=== WORK TO COMPLETE ===
Copy out exactly the lines spanning the line with "travailler- jouer- rigoler" to the line with "Han Aulia Nasution", inclusive, from the data underneath, with no pictures.

[Opening SUPPLIED DATA section]

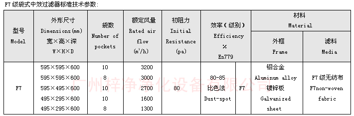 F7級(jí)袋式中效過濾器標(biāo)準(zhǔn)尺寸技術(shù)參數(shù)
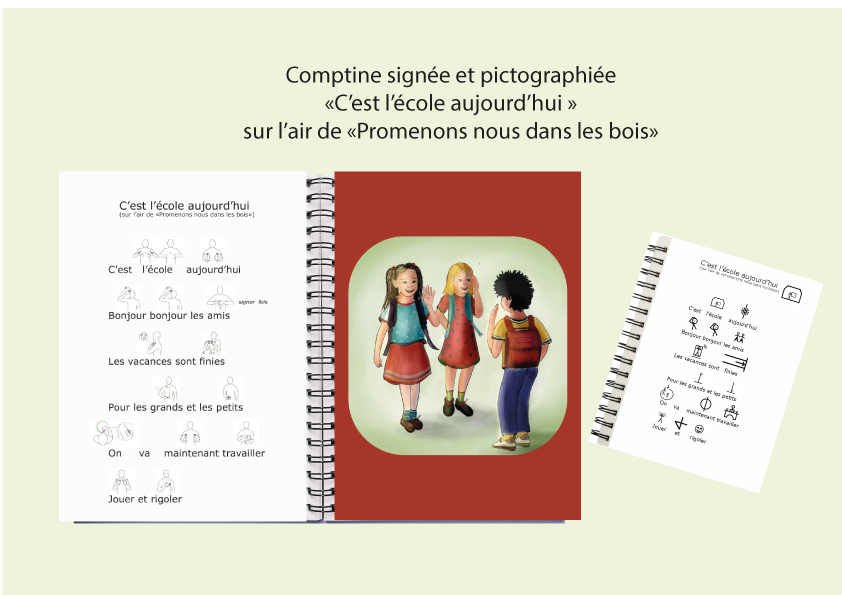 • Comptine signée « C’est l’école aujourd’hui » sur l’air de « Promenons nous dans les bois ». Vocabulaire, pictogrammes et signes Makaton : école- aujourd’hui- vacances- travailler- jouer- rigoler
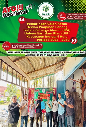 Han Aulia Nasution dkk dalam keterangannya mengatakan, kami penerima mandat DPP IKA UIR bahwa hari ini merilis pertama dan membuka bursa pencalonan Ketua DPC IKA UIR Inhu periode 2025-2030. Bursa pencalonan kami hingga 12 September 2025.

[Closing SUPPLIED DATA section]
[Opening SUPPLIED DATA section]

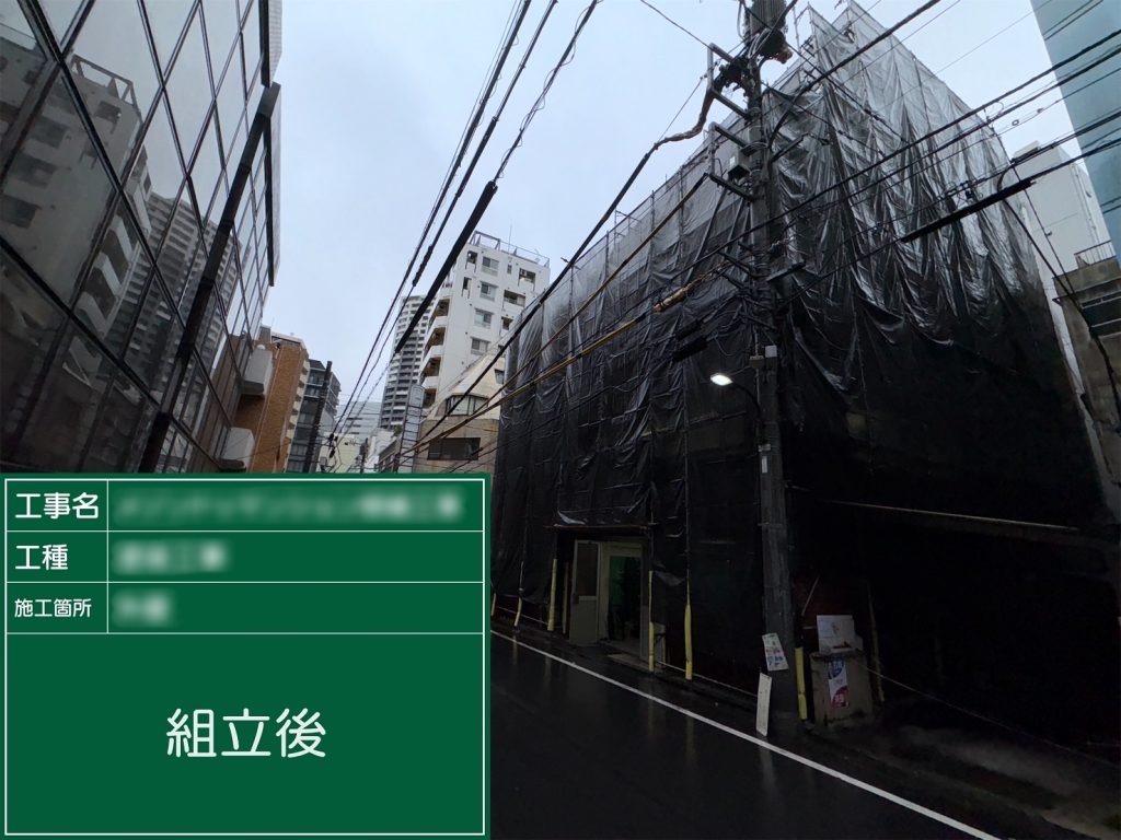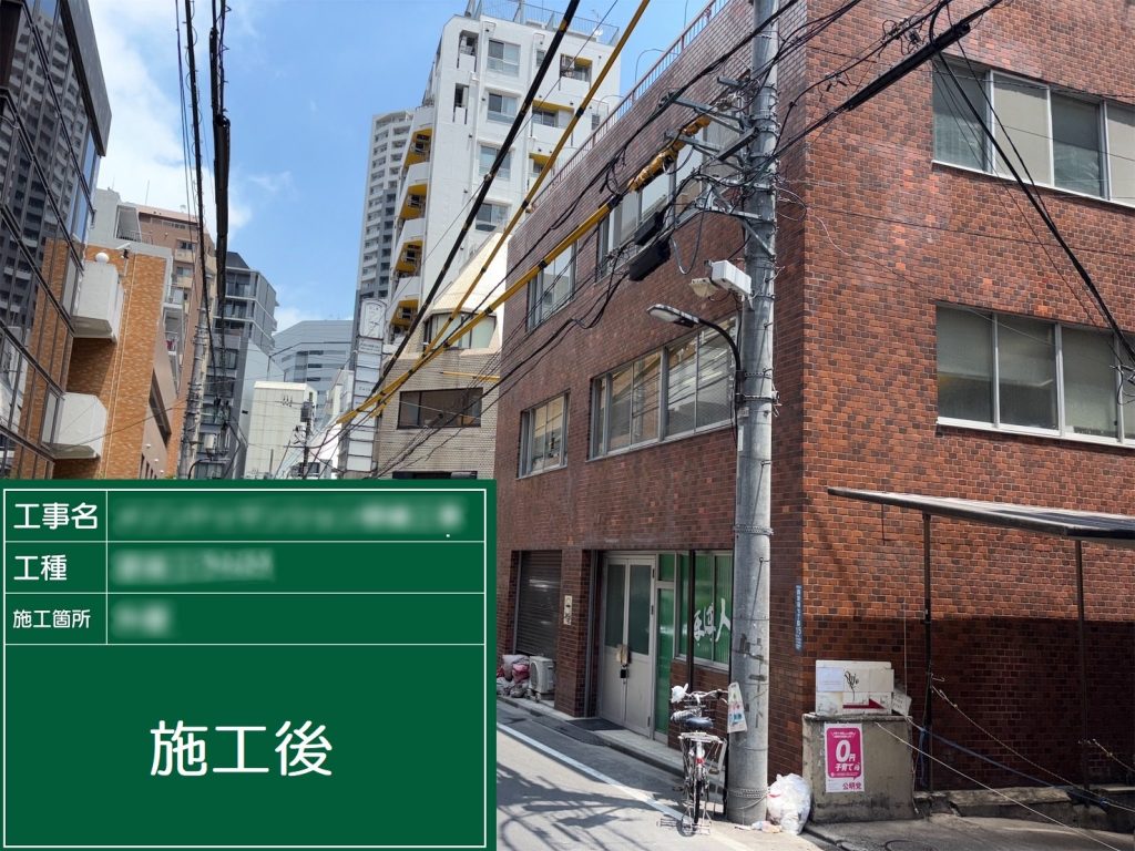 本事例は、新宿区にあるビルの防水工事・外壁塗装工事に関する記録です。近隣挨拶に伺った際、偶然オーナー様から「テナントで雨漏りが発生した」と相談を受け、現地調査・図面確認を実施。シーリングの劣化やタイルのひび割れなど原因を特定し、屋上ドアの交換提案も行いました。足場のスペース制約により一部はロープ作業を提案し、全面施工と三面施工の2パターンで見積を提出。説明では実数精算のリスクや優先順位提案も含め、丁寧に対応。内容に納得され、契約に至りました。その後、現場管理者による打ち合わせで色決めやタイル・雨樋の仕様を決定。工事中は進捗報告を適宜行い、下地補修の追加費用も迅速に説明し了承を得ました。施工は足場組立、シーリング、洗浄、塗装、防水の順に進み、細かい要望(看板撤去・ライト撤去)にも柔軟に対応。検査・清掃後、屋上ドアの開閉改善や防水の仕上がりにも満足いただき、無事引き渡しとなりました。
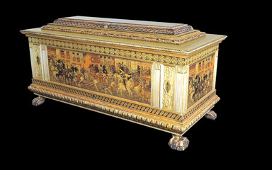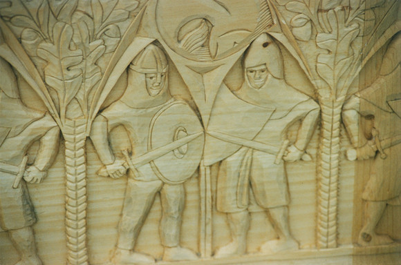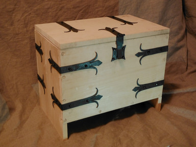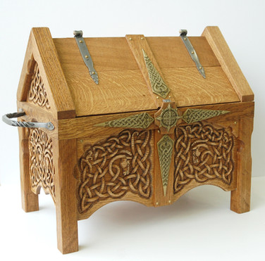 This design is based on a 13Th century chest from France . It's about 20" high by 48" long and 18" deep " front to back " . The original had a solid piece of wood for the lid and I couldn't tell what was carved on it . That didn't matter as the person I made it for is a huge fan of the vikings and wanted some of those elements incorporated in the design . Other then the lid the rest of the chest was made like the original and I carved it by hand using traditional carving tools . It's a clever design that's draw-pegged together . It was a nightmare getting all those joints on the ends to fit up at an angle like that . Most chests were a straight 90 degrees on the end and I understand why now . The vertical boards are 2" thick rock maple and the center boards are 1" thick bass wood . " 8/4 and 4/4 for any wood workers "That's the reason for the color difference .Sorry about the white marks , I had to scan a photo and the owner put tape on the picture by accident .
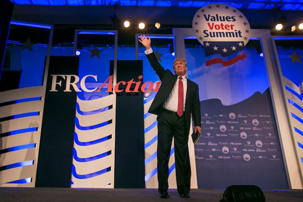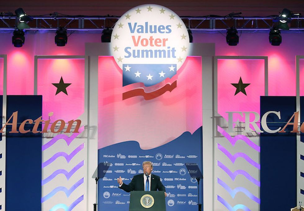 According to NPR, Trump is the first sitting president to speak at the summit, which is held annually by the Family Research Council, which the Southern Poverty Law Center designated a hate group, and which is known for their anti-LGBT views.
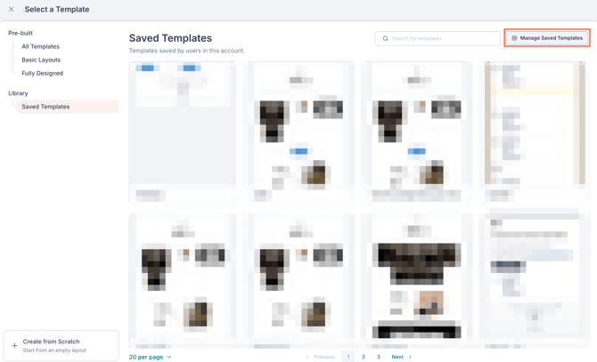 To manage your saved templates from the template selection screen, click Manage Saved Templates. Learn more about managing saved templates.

[Closing SUPPLIED DATA section]

=== WRITTEN RESPONSE ===
 • Comptine signée « C’est l’école aujourd’hui » sur l’air de « Promenons nous dans les bois ». Vocabulaire, pictogrammes et signes Makaton : école- aujourd’hui- vacances- travailler- jouer- rigoler
 Han Aulia Nasution dkk dalam keterangannya mengatakan, kami penerima mandat DPP IKA UIR bahwa hari ini merilis pertama dan membuka bursa pencalonan Ketua DPC IKA UIR Inhu periode 2025-2030. Bursa pencalonan kami hingga 12 September 2025.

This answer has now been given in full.